**PROBLEM**. With the pictures set aside, return the lines below exactly, beginning at the first and ending at the line containing "Πασχαλινή Λαμπάδα Χειροποίητη".

**DATASET EXCERPT**.

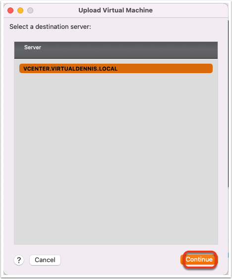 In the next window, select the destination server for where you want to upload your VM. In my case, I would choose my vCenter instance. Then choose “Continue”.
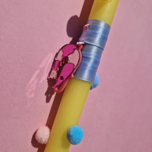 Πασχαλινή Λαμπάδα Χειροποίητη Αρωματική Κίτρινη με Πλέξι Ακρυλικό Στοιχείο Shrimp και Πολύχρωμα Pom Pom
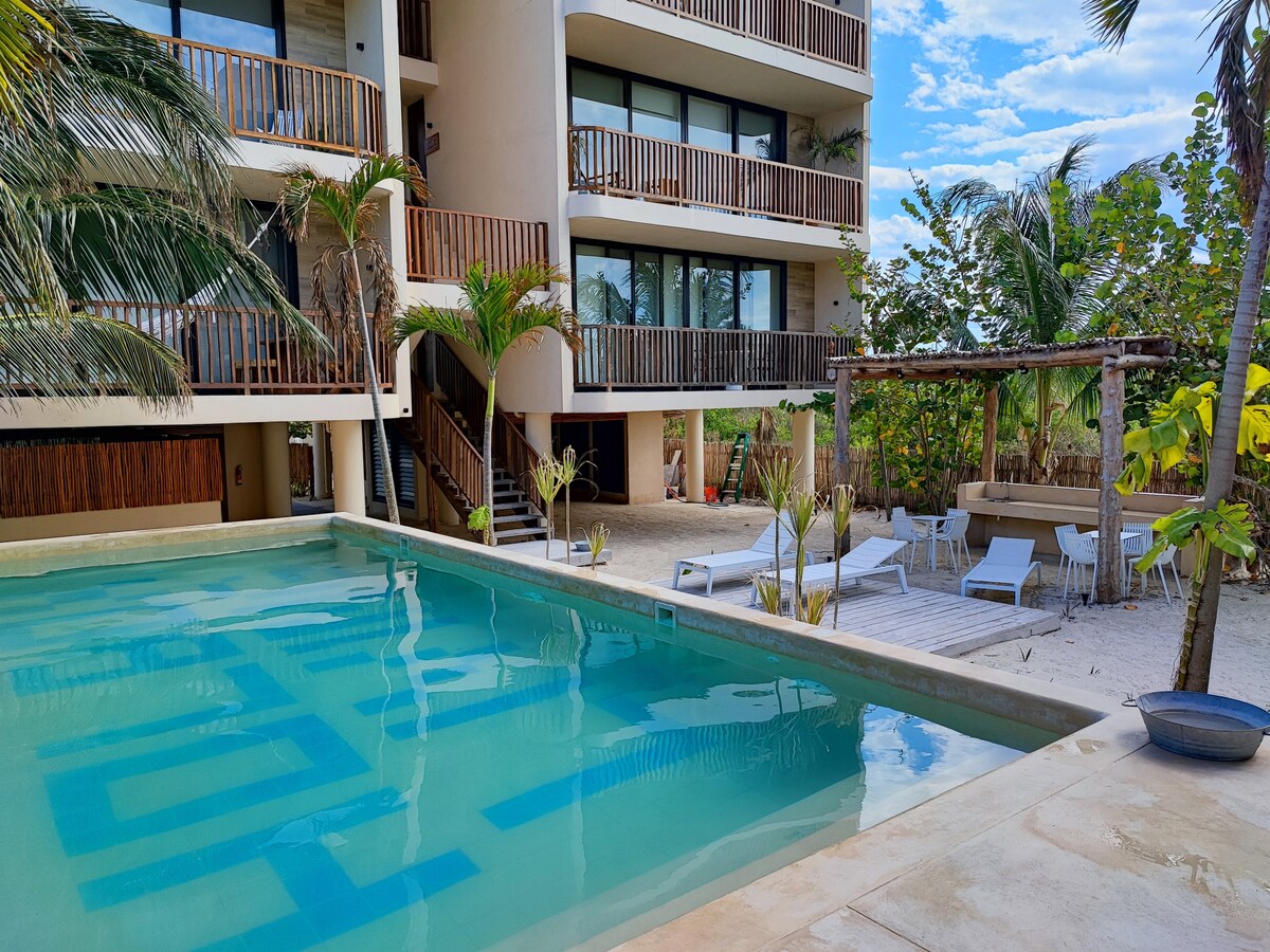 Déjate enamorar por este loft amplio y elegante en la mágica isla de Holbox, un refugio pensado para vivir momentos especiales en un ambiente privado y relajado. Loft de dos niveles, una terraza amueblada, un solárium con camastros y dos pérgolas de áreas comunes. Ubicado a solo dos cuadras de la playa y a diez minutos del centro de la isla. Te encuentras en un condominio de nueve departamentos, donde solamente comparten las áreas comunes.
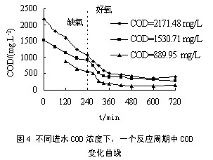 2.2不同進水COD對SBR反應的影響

**OUTPUT OF THE TASK**.
 In the next window, select the destination server for where you want to upload your VM. In my case, I would choose my vCenter instance. Then choose “Continue”.
 Πασχαλινή Λαμπάδα Χειροποίητη Αρωματική Κίτρινη με Πλέξι Ακρυλικό Στοιχείο Shrimp και Πολύχρωμα Pom Pom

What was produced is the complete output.